For this exercise, transcribe every line of the material exactly and skip the pictures.

COLLECTED DATA:
◇ ◇ ◇ ◇ ◇

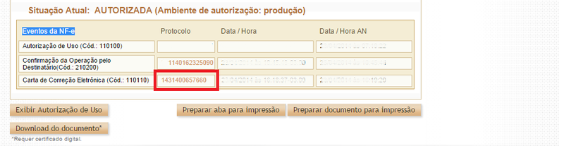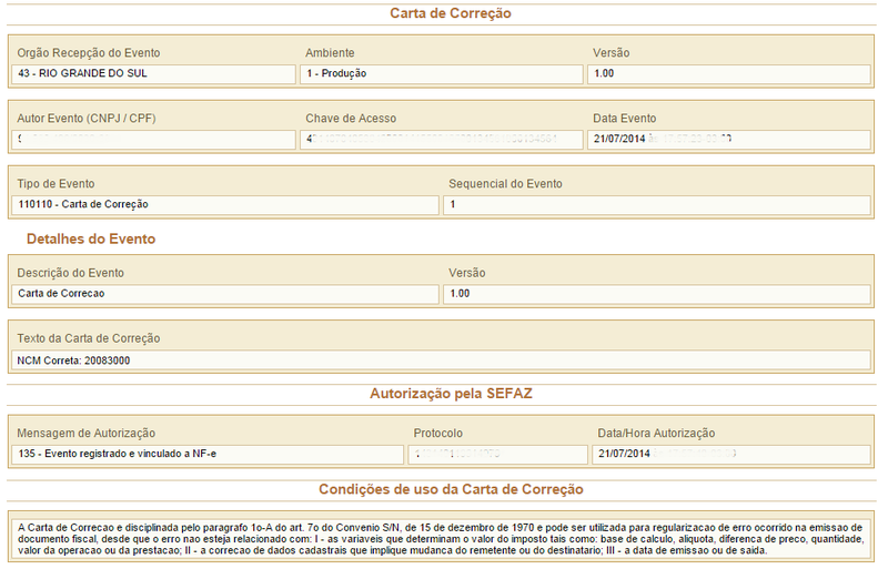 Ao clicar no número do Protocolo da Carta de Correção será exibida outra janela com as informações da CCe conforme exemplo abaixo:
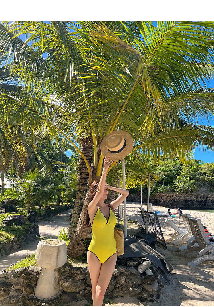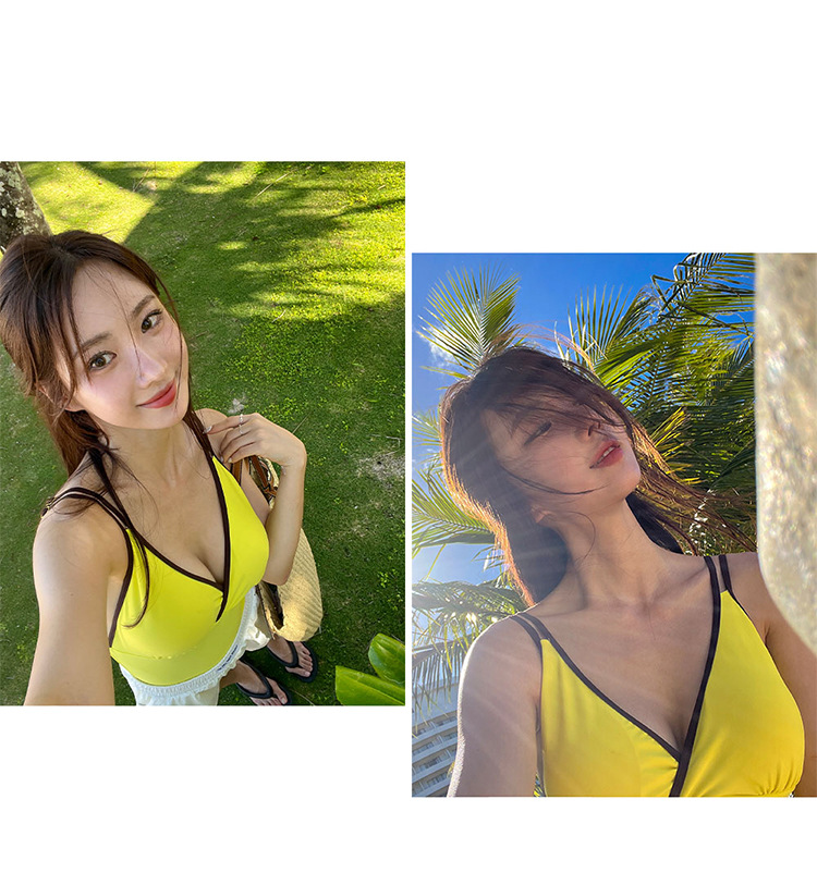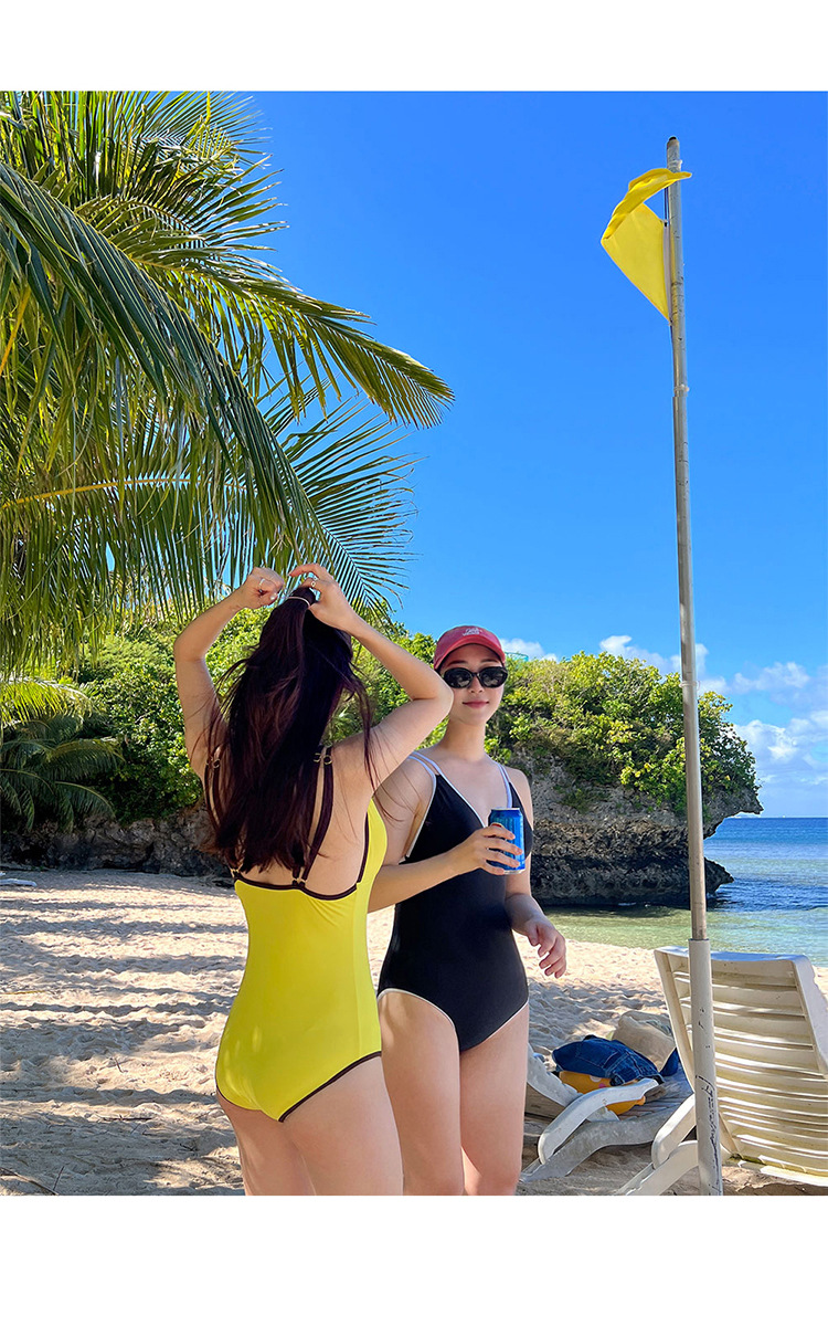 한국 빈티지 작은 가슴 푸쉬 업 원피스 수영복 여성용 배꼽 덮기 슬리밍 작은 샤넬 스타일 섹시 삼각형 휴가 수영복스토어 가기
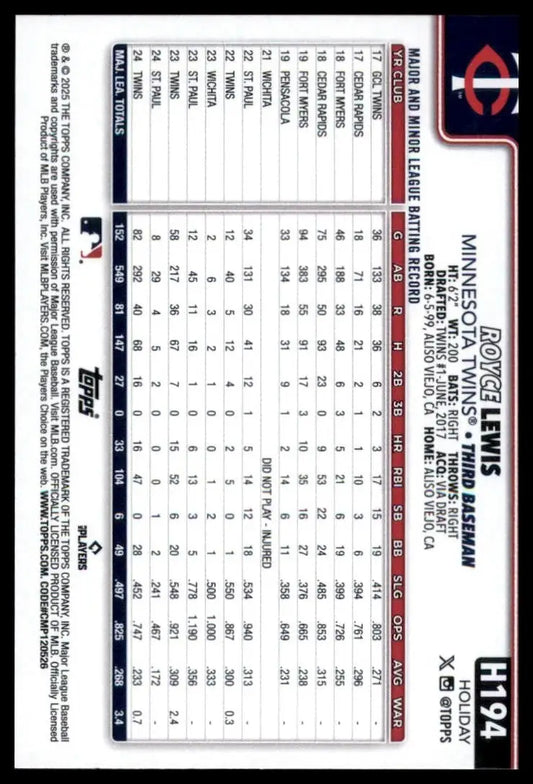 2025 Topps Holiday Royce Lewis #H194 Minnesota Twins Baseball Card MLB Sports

◇ ◇ ◇ ◇ ◇

ANSWER FOR THIS EXERCISE:
 Ao clicar no número do Protocolo da Carta de Correção será exibida outra janela com as informações da CCe conforme exemplo abaixo:
 한국 빈티지 작은 가슴 푸쉬 업 원피스 수영복 여성용 배꼽 덮기 슬리밍 작은 샤넬 스타일 섹시 삼각형 휴가 수영복스토어 가기
 2025 Topps Holiday Royce Lewis #H194 Minnesota Twins Baseball Card MLB Sports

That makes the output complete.